A recent study published in the journal Fishes by researchers from the Universidad Cooperativa de Colombia, Universidade Estadual Paulista (Unesp), Universidade Nilton Lins, and the Instituto de Pesca examined the economic aspects of red tilapia production using biofloc technology under different sources of electrical energy, including conventional energy, combined conventional and photovoltaic energy, full photovoltaic energy, and a simulation of surplus photovoltaic energy generation for nighttime use.
The Challenge of Energy Costs in Aquaculture
Electricity is the primary source of energy used in aquaculture, representing between 10% and 25% of production costs in systems with intensive electricity loads.

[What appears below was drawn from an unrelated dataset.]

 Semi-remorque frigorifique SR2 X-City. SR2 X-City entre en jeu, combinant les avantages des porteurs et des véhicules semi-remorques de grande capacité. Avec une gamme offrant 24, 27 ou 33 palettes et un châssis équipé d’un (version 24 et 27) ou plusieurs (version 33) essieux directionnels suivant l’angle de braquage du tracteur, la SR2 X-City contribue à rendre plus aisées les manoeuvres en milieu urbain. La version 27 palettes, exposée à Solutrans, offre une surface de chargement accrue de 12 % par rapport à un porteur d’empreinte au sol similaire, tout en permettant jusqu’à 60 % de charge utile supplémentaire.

Energy is used for various purposes, including water pumping, aeration, and heating.
For example, oxygenation equipment in recirculating aquaculture systems (RAS) consumes 20% of the total energy used, adding 5% to the final product cost per kilogram.

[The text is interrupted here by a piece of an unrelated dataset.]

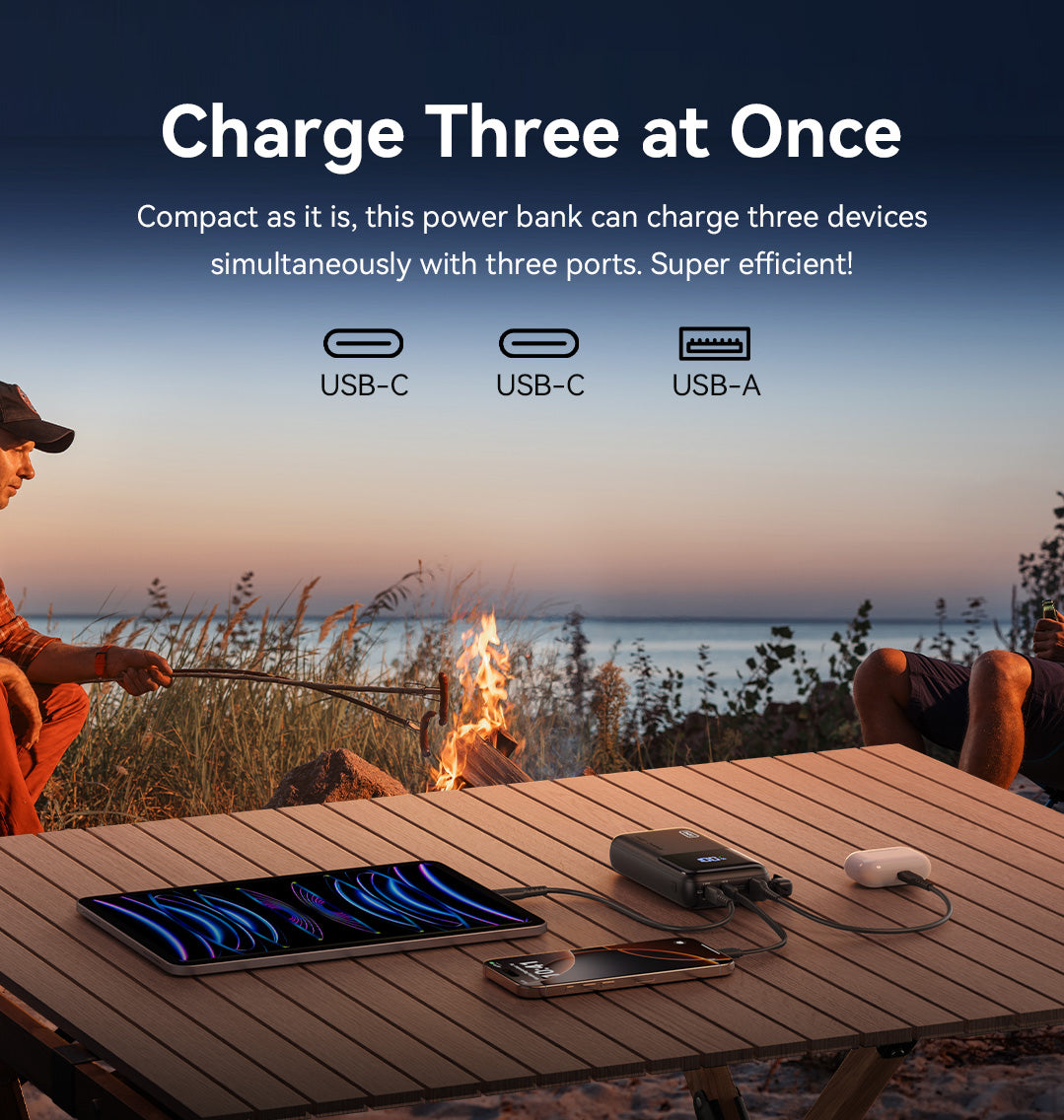 Dzięki pojemności 25 000 mAh i o 30% bardziej kompaktowej konstrukcji, ten powerbank zmieści się w torbie, oszczędzając miejsce i zapewniając ładowanie urządzeń. Dodatkowo, w zestawie znajduje się zintegrowany kabel USB-C do ładowania, zapewniający maksymalną mobilność.

In biofloc systems (BFT), aeration is particularly energy-intensive and contributes to a substantial portion of overall energy costs. The cost of electrical energy in BFT systems can account for up to 15% of production costs. In this sense, reliance on electricity can expose aquaculture producers to fluctuating energy prices, making production costs difficult to predict and manage.
Alternative Energy Sources
Several alternative energy sources have been proposed for use in aquaculture, including geothermal energy, biogas, wind energy, tidal energy, and photovoltaic energy. Photovoltaic energy is a promising alternative, with studies showing its potential in tilapia and shrimp hatcheries, recirculating systems, and marine fish production.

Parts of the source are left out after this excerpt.